The narrative distance created or destroyed by going from first- to third-person and back again keeps us off-balance, and reinforces the loss of personhood and autonomy Mary, and the others, inherent in participation in the Girlfriend Experiment. It’s effective in that way. But the multitude of perspectives also thins the richness of them. I wonder if one of the points Lacey was attempting to make was suggesting the potential for any of them to be a “leading” voice, or if she felt Mary’s perspective wasn’t rich enough to carry an entire novel. Either way, there were certainly things gained as well as lost. Once, when turning to a new chapter after hearing from Poppy and Kurt and Ashley, I asked myself, “Who is Mary again?”
There’s no way for The Answers to end happily, though I’m not sure anyone would have that expectation past the first page.
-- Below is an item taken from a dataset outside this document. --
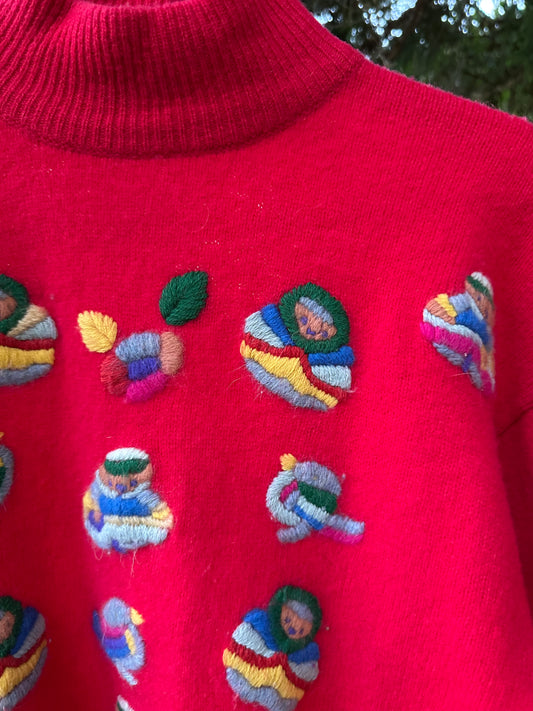Sold out90s Red Embroidered Babushka Sweater
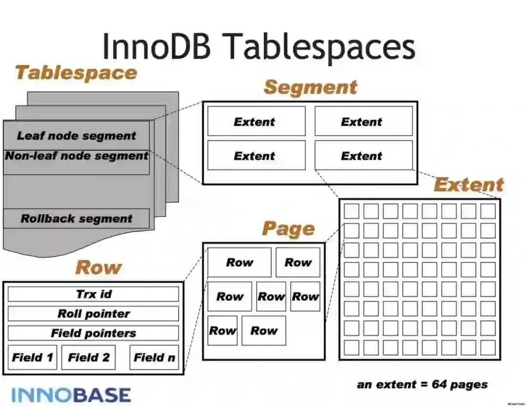 MySQL的表空间结构与Oracle相似,它有多个层次,包括层、区段、页面和行层。

There are so many other odd elements that bob against the surface, too, including Mary’s rich former roommate joining a cult, that I can’t place within the main narrative. But The Answers is overall solid and haunting.
When all falls apart, Mary is left with only money—her feelings are not considered, her family situation is dismissed, her contribution to Kurt’s new projects ignored. Which, in many ways, is the same with all the Girlfriends: they existed to provide a specific experience to an emotionally stunted man surrounded by other emotionally stunted mostly men accustomed to brewing able to buy anything they wanted, and being proven right that this, too, had a purchase price. A dystopic thought, but also one far too realistic for comfort.